### [Goal of the exercise]
Print exactly the lines below between the line containing "米粉パン 牛乳 大豆と豆腐のフライ ほうれん草サラダ 野菜スープ" and the line containing "Regiment of the", counting both of those lines. Leave pictures out.
(Exercise data begins)
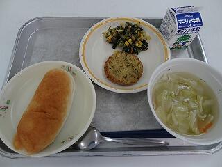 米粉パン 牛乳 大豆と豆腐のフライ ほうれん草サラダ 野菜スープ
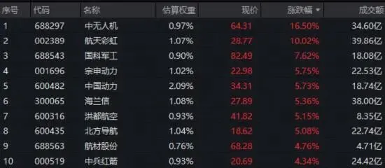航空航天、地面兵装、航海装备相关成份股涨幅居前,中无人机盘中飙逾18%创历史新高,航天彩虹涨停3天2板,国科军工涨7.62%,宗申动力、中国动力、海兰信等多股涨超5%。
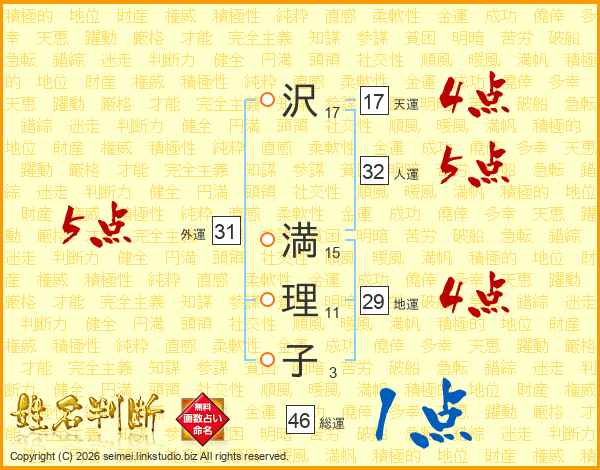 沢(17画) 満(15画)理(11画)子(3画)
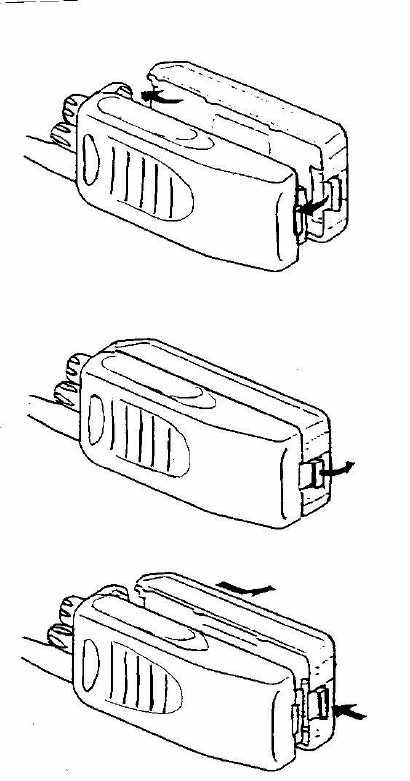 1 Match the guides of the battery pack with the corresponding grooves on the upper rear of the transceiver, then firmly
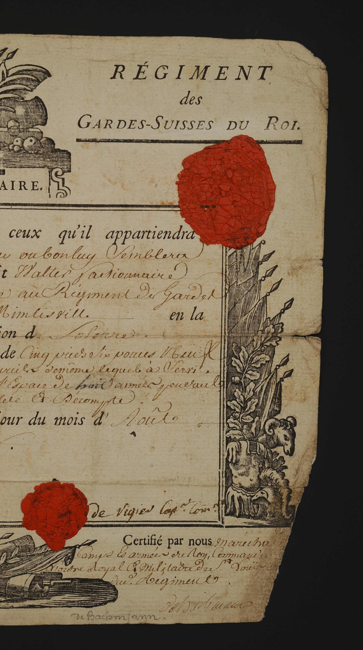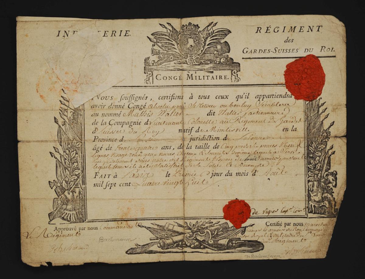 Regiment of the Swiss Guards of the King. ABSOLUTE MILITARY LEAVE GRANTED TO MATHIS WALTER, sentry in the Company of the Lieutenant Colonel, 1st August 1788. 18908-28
(Exercise data ends)
(Exercise data begins)
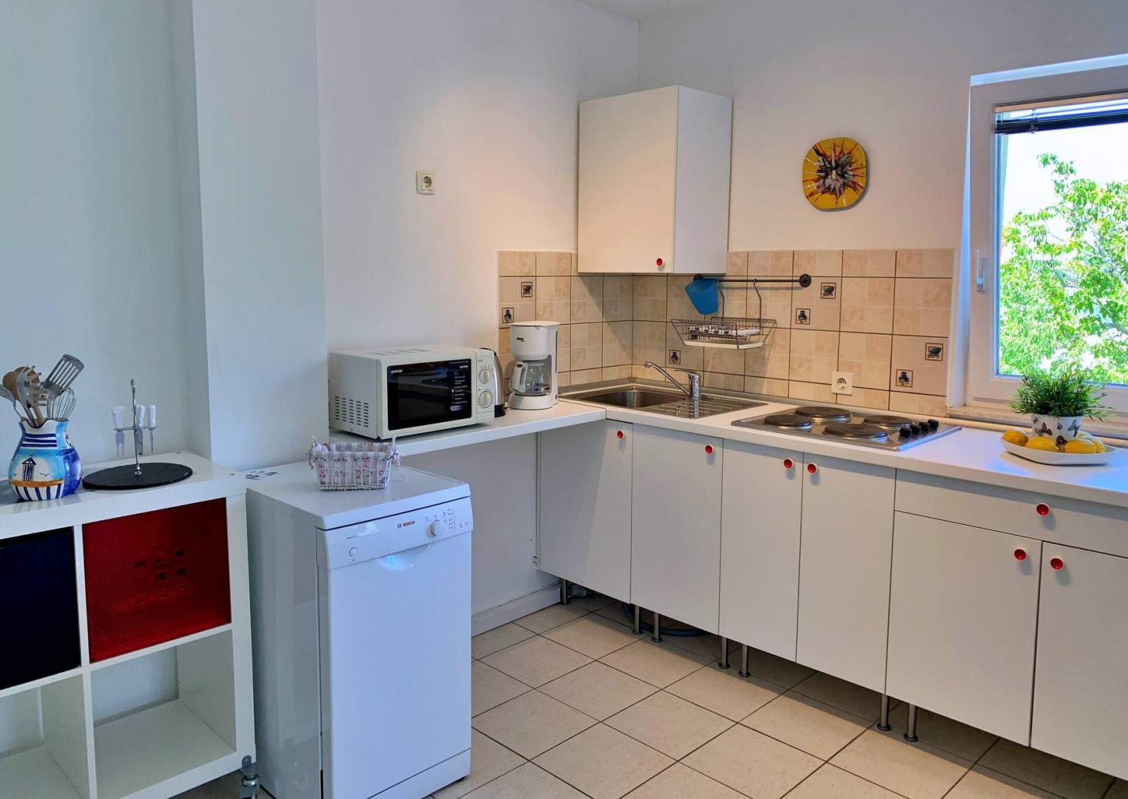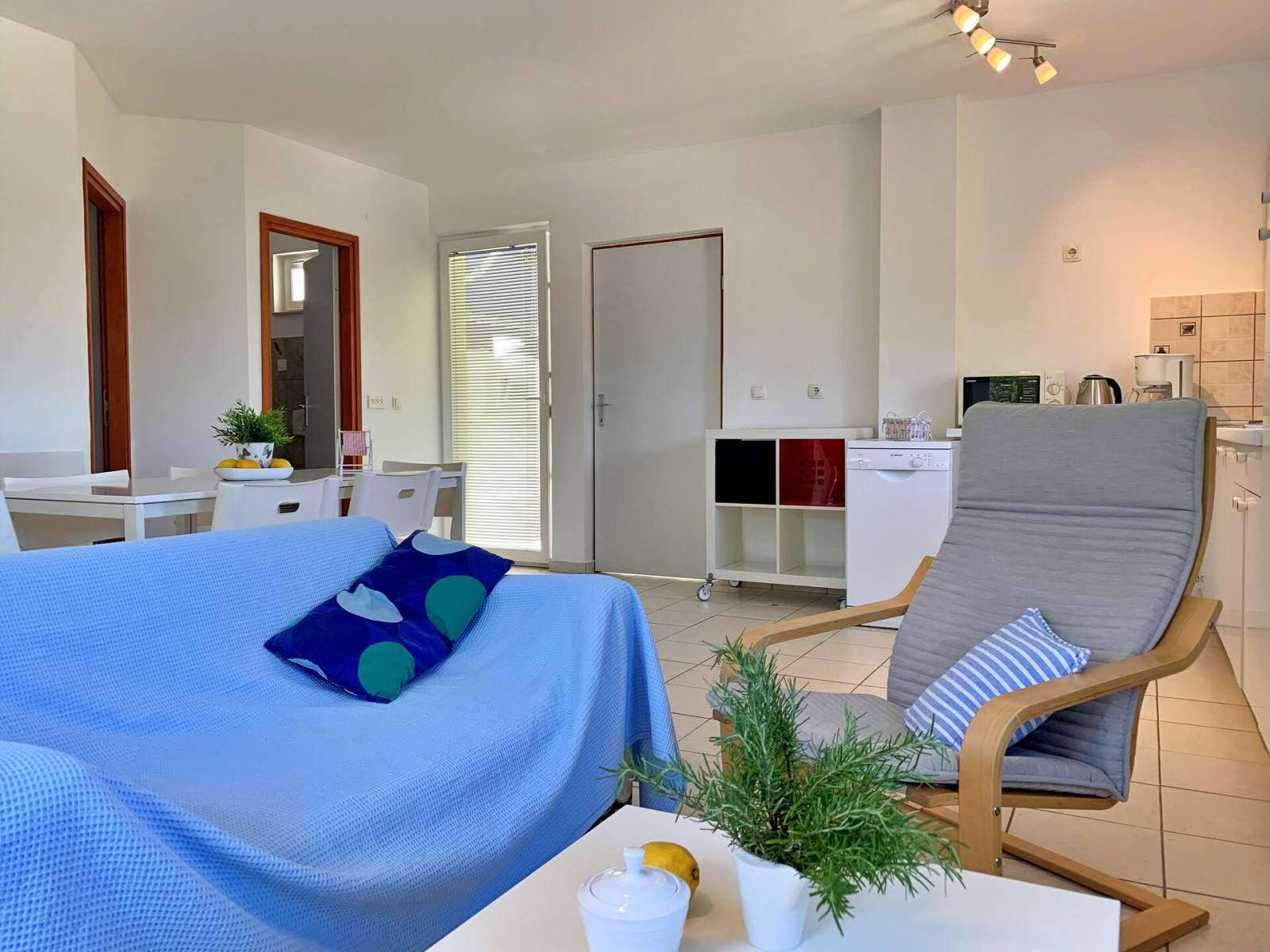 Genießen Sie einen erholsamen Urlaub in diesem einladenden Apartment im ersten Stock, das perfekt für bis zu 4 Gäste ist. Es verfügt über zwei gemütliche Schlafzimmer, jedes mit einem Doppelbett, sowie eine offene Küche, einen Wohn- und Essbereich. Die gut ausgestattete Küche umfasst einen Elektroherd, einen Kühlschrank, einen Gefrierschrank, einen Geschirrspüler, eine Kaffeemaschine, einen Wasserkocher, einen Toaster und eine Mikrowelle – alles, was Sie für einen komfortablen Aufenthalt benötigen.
(Exercise data ends)
### [Answer for this exercise]
 米粉パン 牛乳 大豆と豆腐のフライ ほうれん草サラダ 野菜スープ
航空航天、地面兵装、航海装备相关成份股涨幅居前,中无人机盘中飙逾18%创历史新高,航天彩虹涨停3天2板,国科军工涨7.62%,宗申动力、中国动力、海兰信等多股涨超5%。
 沢(17画) 満(15画)理(11画)子(3画)
 1 Match the guides of the battery pack with the corresponding grooves on the upper rear of the transceiver, then firmly
 Regiment of the Swiss Guards of the King. ABSOLUTE MILITARY LEAVE GRANTED TO MATHIS WALTER, sentry in the Company of the Lieutenant Colonel, 1st August 1788. 18908-28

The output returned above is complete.